▶ _WHAT THE EXERCISE ASKS_: Please restate the listing word for word, omitting the images.
((
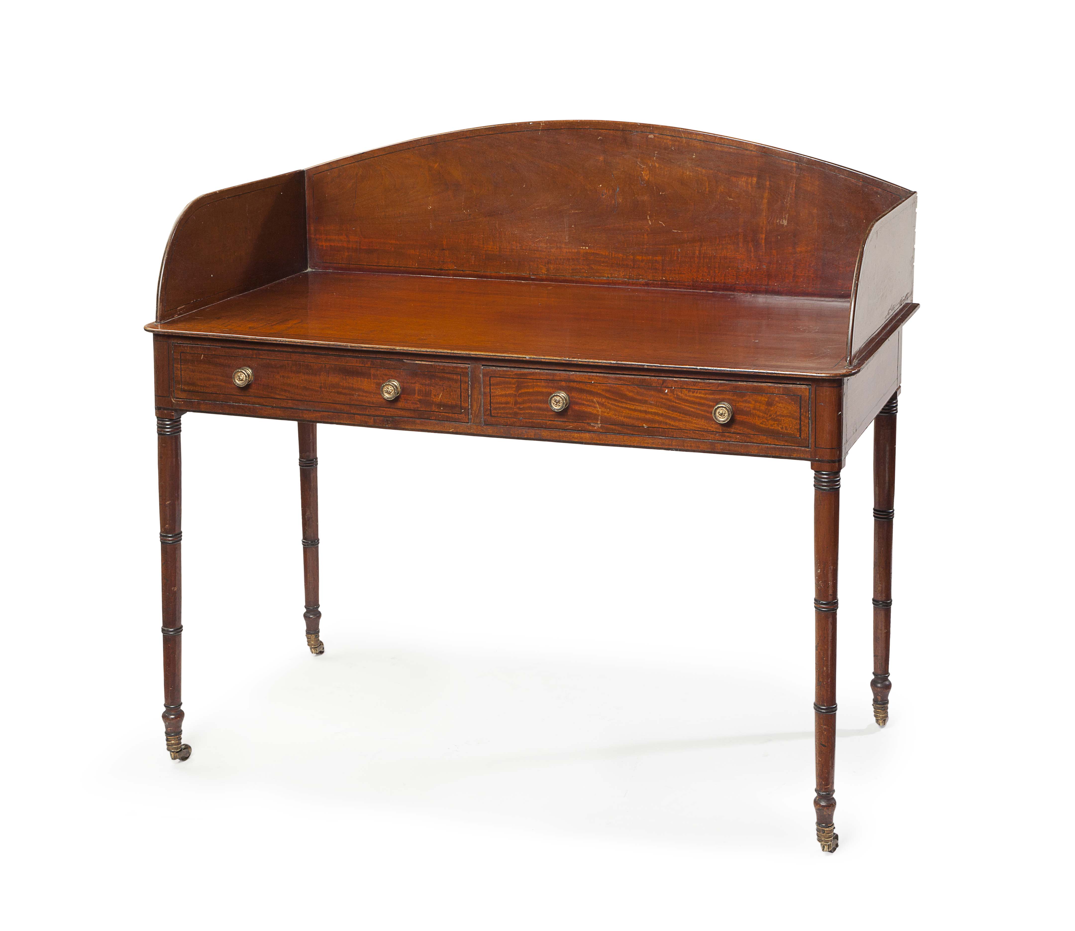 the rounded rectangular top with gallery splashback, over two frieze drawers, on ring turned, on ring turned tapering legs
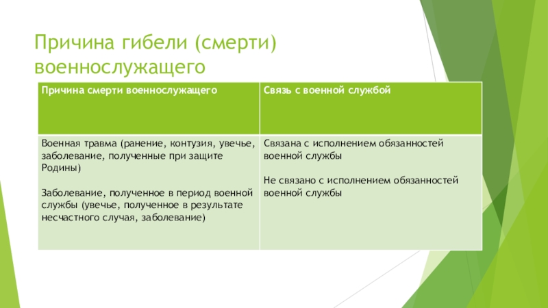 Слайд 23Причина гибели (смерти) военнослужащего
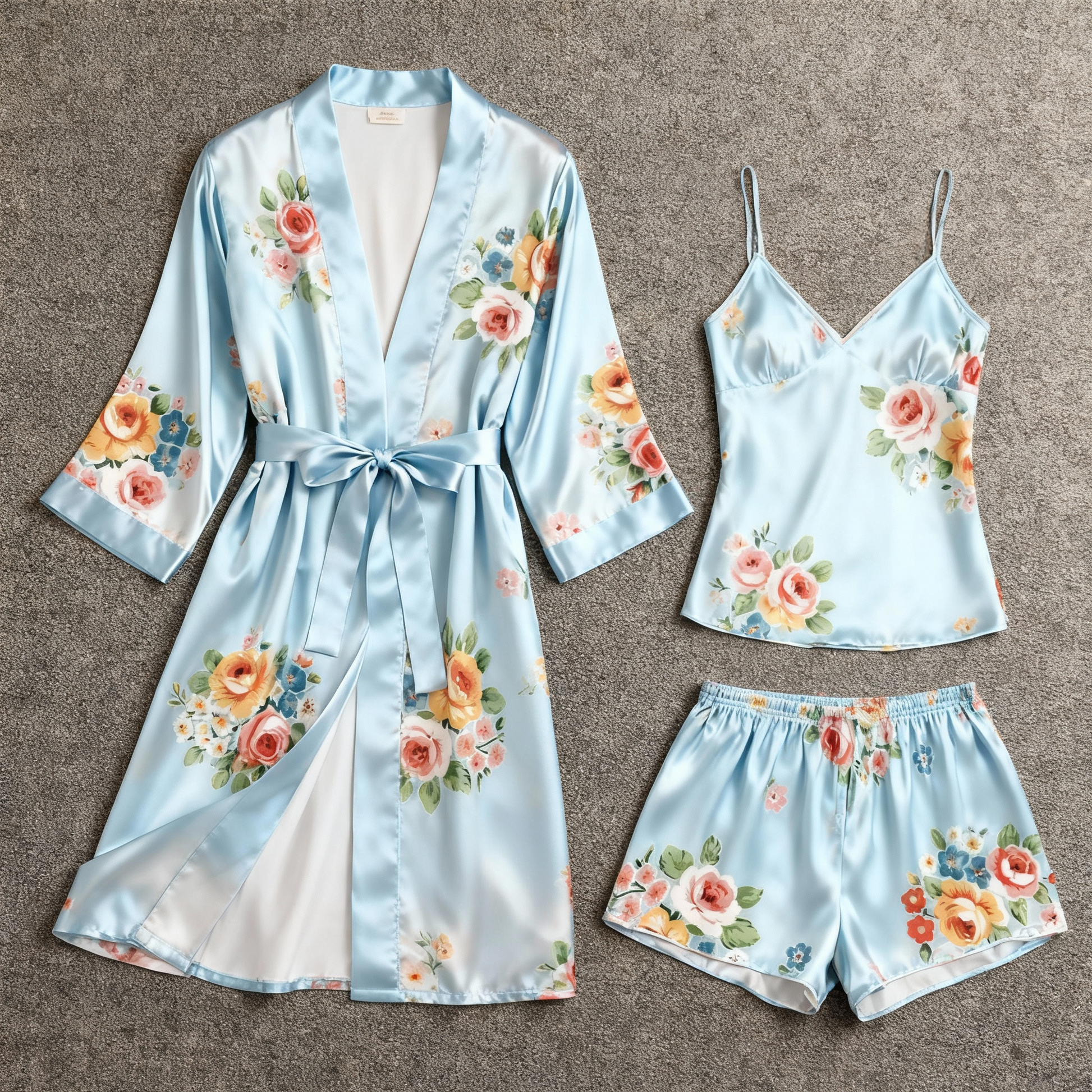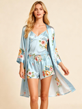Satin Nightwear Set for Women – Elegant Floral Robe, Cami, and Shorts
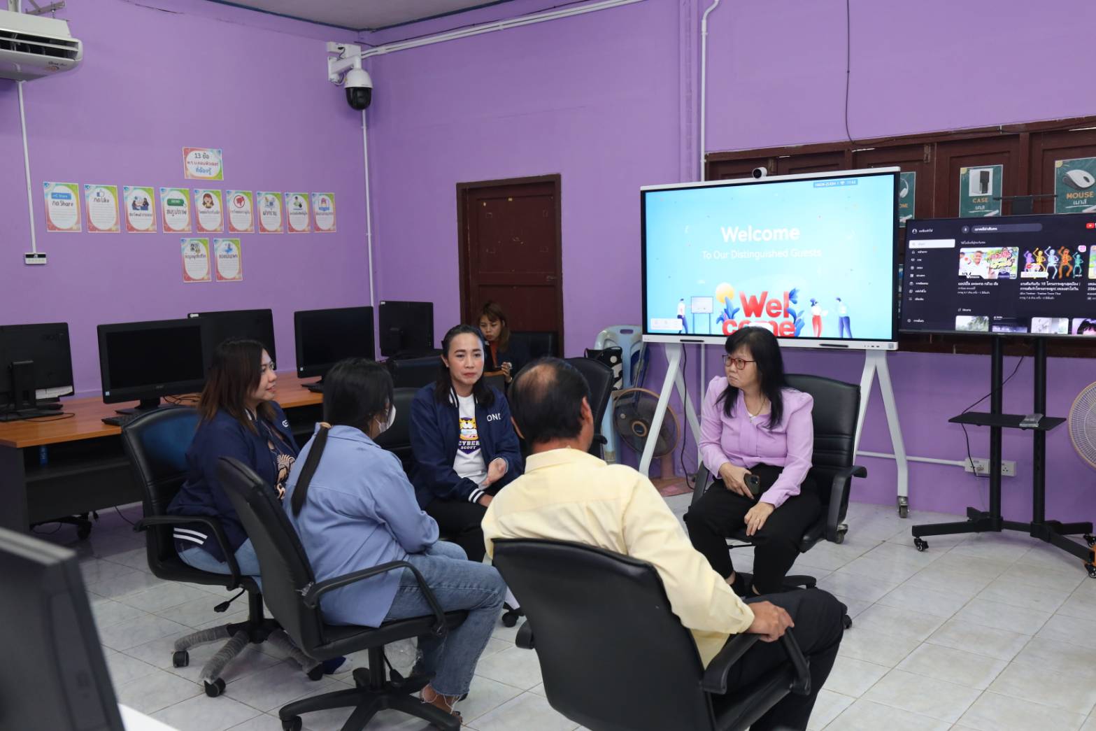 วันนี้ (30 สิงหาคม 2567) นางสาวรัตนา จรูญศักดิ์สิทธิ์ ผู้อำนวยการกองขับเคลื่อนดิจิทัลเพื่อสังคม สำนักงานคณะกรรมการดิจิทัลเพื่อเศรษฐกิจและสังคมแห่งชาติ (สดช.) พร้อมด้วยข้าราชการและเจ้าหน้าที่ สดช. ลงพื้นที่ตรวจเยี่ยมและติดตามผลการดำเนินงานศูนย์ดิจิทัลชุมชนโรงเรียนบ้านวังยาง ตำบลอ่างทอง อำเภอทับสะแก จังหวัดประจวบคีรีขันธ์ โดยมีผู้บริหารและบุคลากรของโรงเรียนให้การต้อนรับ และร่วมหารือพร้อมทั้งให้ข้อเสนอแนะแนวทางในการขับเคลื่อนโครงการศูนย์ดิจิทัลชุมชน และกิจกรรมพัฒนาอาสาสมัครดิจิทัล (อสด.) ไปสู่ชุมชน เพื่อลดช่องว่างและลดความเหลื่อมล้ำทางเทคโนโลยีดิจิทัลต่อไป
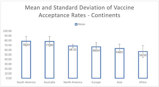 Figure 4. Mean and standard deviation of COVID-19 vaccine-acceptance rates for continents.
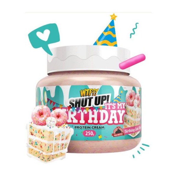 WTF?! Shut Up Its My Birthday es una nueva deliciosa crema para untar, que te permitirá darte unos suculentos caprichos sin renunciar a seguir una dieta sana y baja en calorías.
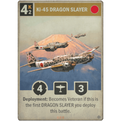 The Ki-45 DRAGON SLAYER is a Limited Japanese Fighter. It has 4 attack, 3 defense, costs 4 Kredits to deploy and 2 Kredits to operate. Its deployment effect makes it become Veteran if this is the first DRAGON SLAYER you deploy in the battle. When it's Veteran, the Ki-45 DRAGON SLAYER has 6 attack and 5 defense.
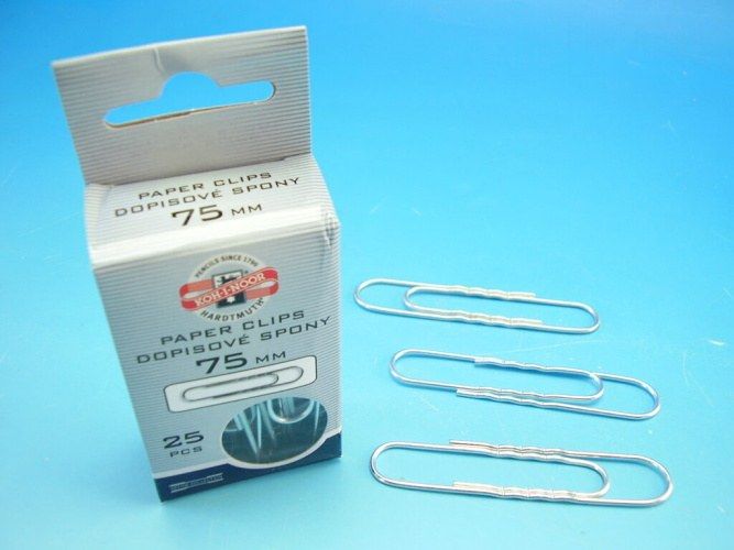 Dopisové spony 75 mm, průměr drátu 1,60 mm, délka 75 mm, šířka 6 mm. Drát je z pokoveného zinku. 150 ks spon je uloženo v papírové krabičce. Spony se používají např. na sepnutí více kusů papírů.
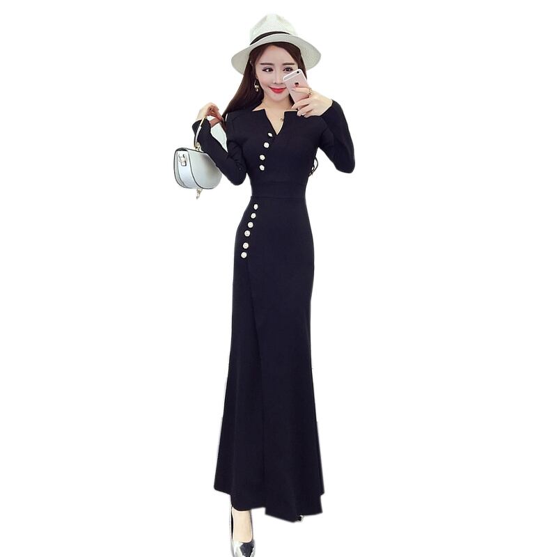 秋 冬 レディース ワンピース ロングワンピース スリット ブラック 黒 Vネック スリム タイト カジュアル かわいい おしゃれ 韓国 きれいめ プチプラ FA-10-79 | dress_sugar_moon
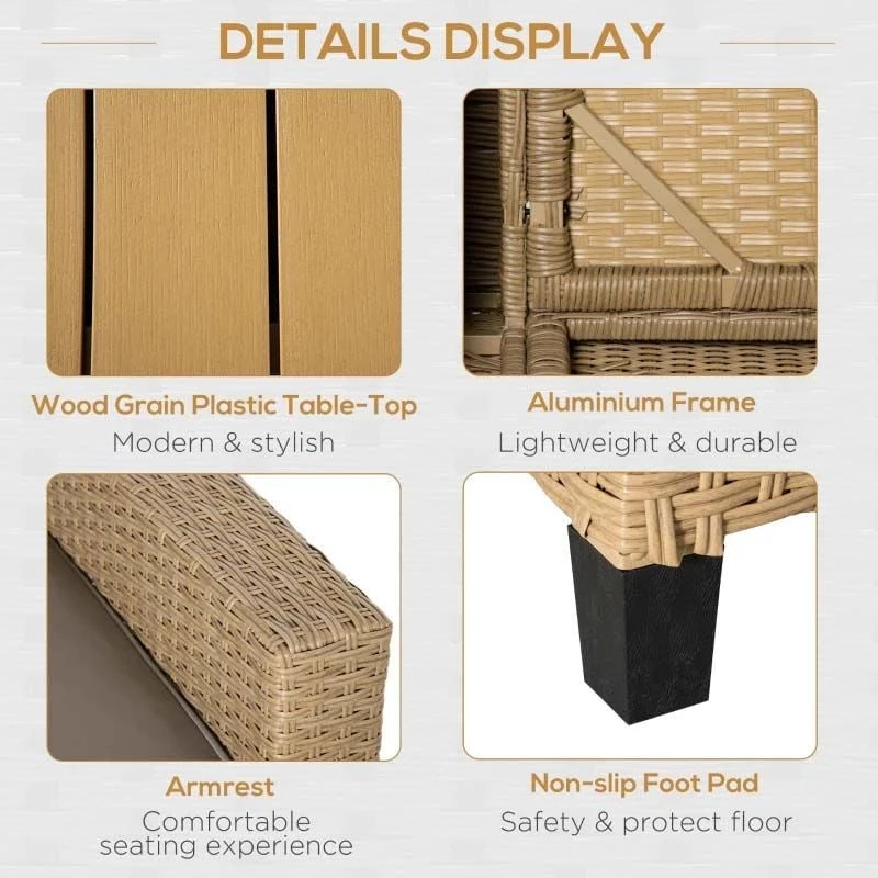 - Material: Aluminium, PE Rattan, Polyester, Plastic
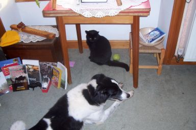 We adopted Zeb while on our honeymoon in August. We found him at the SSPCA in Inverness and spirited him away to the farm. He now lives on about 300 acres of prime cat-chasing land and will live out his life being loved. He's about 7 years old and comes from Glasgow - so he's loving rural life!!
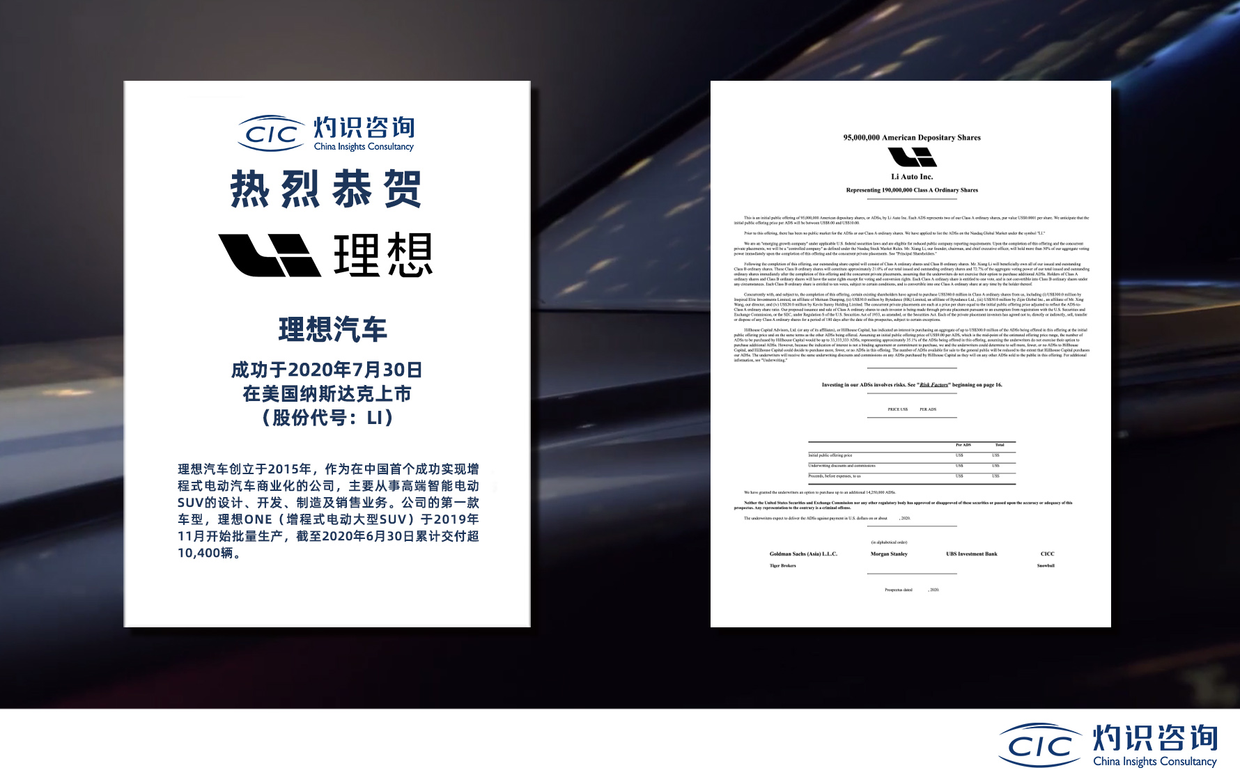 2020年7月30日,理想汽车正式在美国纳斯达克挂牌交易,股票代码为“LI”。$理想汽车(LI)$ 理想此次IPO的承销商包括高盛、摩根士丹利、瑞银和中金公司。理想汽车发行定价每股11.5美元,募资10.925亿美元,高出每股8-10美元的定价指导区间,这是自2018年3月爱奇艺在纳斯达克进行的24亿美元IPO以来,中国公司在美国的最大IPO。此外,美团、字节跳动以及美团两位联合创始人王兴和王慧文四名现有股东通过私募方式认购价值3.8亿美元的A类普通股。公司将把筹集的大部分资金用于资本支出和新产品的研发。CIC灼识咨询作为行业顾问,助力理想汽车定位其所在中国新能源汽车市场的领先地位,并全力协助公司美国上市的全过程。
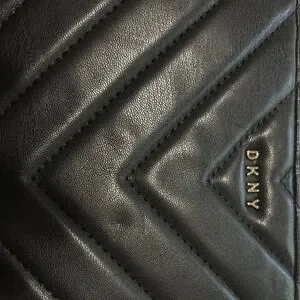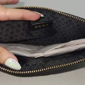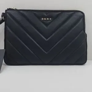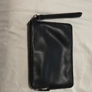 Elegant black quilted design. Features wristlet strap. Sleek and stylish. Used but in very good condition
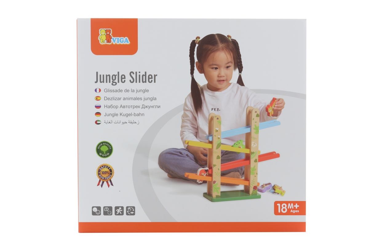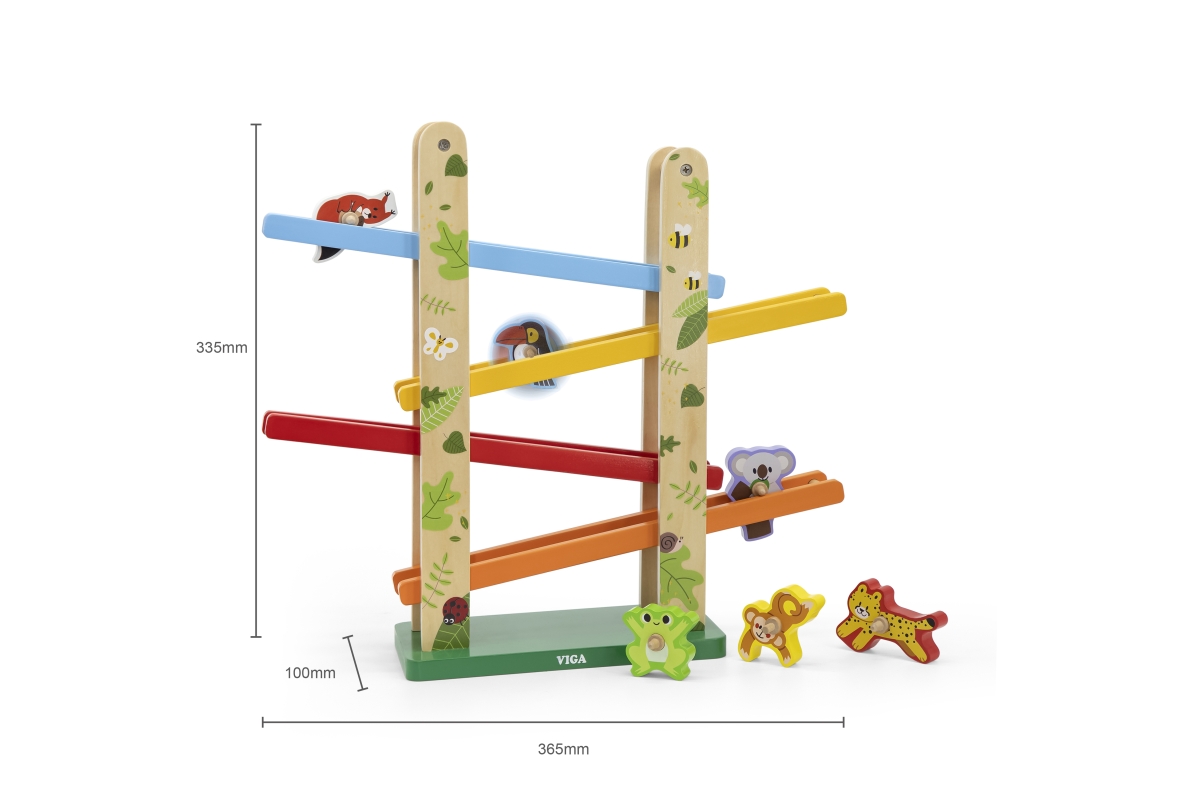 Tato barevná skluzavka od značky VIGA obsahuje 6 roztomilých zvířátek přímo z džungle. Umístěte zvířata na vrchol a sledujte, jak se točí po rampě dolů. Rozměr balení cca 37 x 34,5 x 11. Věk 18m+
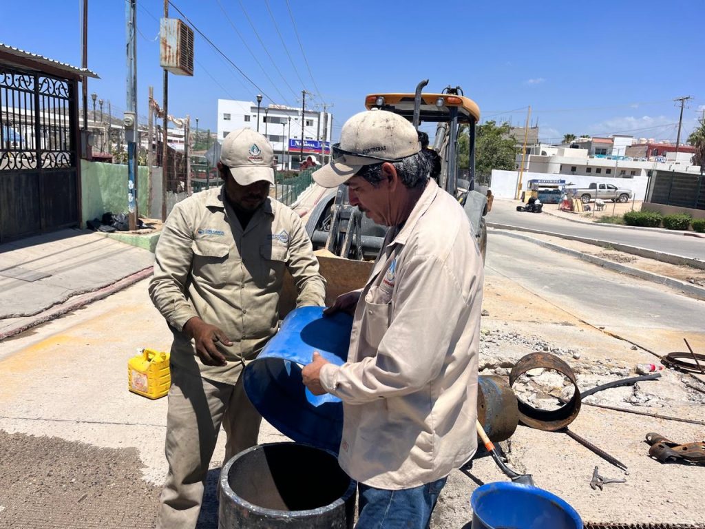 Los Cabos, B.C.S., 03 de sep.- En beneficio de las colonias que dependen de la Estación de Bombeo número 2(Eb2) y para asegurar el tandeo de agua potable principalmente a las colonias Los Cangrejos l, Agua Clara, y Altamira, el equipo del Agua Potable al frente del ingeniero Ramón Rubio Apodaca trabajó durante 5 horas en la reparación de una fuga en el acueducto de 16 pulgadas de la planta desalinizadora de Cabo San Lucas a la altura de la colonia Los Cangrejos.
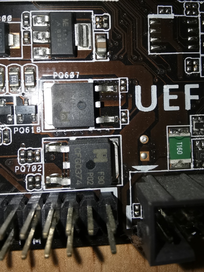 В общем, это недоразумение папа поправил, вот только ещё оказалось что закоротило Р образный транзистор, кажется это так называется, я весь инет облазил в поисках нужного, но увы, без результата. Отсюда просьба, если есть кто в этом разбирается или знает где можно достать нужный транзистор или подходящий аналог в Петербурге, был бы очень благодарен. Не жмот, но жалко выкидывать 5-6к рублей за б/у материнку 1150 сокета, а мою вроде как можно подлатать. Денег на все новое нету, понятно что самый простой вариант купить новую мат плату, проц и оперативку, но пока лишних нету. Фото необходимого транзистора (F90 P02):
))
▶ _TASK OUTPUT_:
 the rounded rectangular top with gallery splashback, over two frieze drawers, on ring turned, on ring turned tapering legs
 Слайд 23Причина гибели (смерти) военнослужащего
Satin Nightwear Set for Women – Elegant Floral Robe, Cami, and Shorts
 วันนี้ (30 สิงหาคม 2567) นางสาวรัตนา จรูญศักดิ์สิทธิ์ ผู้อำนวยการกองขับเคลื่อนดิจิทัลเพื่อสังคม สำนักงานคณะกรรมการดิจิทัลเพื่อเศรษฐกิจและสังคมแห่งชาติ (สดช.) พร้อมด้วยข้าราชการและเจ้าหน้าที่ สดช. ลงพื้นที่ตรวจเยี่ยมและติดตามผลการดำเนินงานศูนย์ดิจิทัลชุมชนโรงเรียนบ้านวังยาง ตำบลอ่างทอง อำเภอทับสะแก จังหวัดประจวบคีรีขันธ์ โดยมีผู้บริหารและบุคลากรของโรงเรียนให้การต้อนรับ และร่วมหารือพร้อมทั้งให้ข้อเสนอแนะแนวทางในการขับเคลื่อนโครงการศูนย์ดิจิทัลชุมชน และกิจกรรมพัฒนาอาสาสมัครดิจิทัล (อสด.) ไปสู่ชุมชน เพื่อลดช่องว่างและลดความเหลื่อมล้ำทางเทคโนโลยีดิจิทัลต่อไป
 Figure 4. Mean and standard deviation of COVID-19 vaccine-acceptance rates for continents.
 WTF?! Shut Up Its My Birthday es una nueva deliciosa crema para untar, que te permitirá darte unos suculentos caprichos sin renunciar a seguir una dieta sana y baja en calorías.
 The Ki-45 DRAGON SLAYER is a Limited Japanese Fighter. It has 4 attack, 3 defense, costs 4 Kredits to deploy and 2 Kredits to operate. Its deployment effect makes it become Veteran if this is the first DRAGON SLAYER you deploy in the battle. When it's Veteran, the Ki-45 DRAGON SLAYER has 6 attack and 5 defense.
 Dopisové spony 75 mm, průměr drátu 1,60 mm, délka 75 mm, šířka 6 mm. Drát je z pokoveného zinku. 150 ks spon je uloženo v papírové krabičce. Spony se používají např. na sepnutí více kusů papírů.
 秋 冬 レディース ワンピース ロングワンピース スリット ブラック 黒 Vネック スリム タイト カジュアル かわいい おしゃれ 韓国 きれいめ プチプラ FA-10-79 | dress_sugar_moon
 - Material: Aluminium, PE Rattan, Polyester, Plastic
 We adopted Zeb while on our honeymoon in August. We found him at the SSPCA in Inverness and spirited him away to the farm. He now lives on about 300 acres of prime cat-chasing land and will live out his life being loved. He's about 7 years old and comes from Glasgow - so he's loving rural life!!
 2020年7月30日,理想汽车正式在美国纳斯达克挂牌交易,股票代码为“LI”。$理想汽车(LI)$ 理想此次IPO的承销商包括高盛、摩根士丹利、瑞银和中金公司。理想汽车发行定价每股11.5美元,募资10.925亿美元,高出每股8-10美元的定价指导区间,这是自2018年3月爱奇艺在纳斯达克进行的24亿美元IPO以来,中国公司在美国的最大IPO。此外,美团、字节跳动以及美团两位联合创始人王兴和王慧文四名现有股东通过私募方式认购价值3.8亿美元的A类普通股。公司将把筹集的大部分资金用于资本支出和新产品的研发。CIC灼识咨询作为行业顾问,助力理想汽车定位其所在中国新能源汽车市场的领先地位,并全力协助公司美国上市的全过程。
 Elegant black quilted design. Features wristlet strap. Sleek and stylish. Used but in very good condition
 Tato barevná skluzavka od značky VIGA obsahuje 6 roztomilých zvířátek přímo z džungle. Umístěte zvířata na vrchol a sledujte, jak se točí po rampě dolů. Rozměr balení cca 37 x 34,5 x 11. Věk 18m+
 Los Cabos, B.C.S., 03 de sep.- En beneficio de las colonias que dependen de la Estación de Bombeo número 2(Eb2) y para asegurar el tandeo de agua potable principalmente a las colonias Los Cangrejos l, Agua Clara, y Altamira, el equipo del Agua Potable al frente del ingeniero Ramón Rubio Apodaca trabajó durante 5 horas en la reparación de una fuga en el acueducto de 16 pulgadas de la planta desalinizadora de Cabo San Lucas a la altura de la colonia Los Cangrejos.
 В общем, это недоразумение папа поправил, вот только ещё оказалось что закоротило Р образный транзистор, кажется это так называется, я весь инет облазил в поисках нужного, но увы, без результата. Отсюда просьба, если есть кто в этом разбирается или знает где можно достать нужный транзистор или подходящий аналог в Петербурге, был бы очень благодарен. Не жмот, но жалко выкидывать 5-6к рублей за б/у материнку 1150 сокета, а мою вроде как можно подлатать. Денег на все новое нету, понятно что самый простой вариант купить новую мат плату, проц и оперативку, но пока лишних нету. Фото необходимого транзистора (F90 P02):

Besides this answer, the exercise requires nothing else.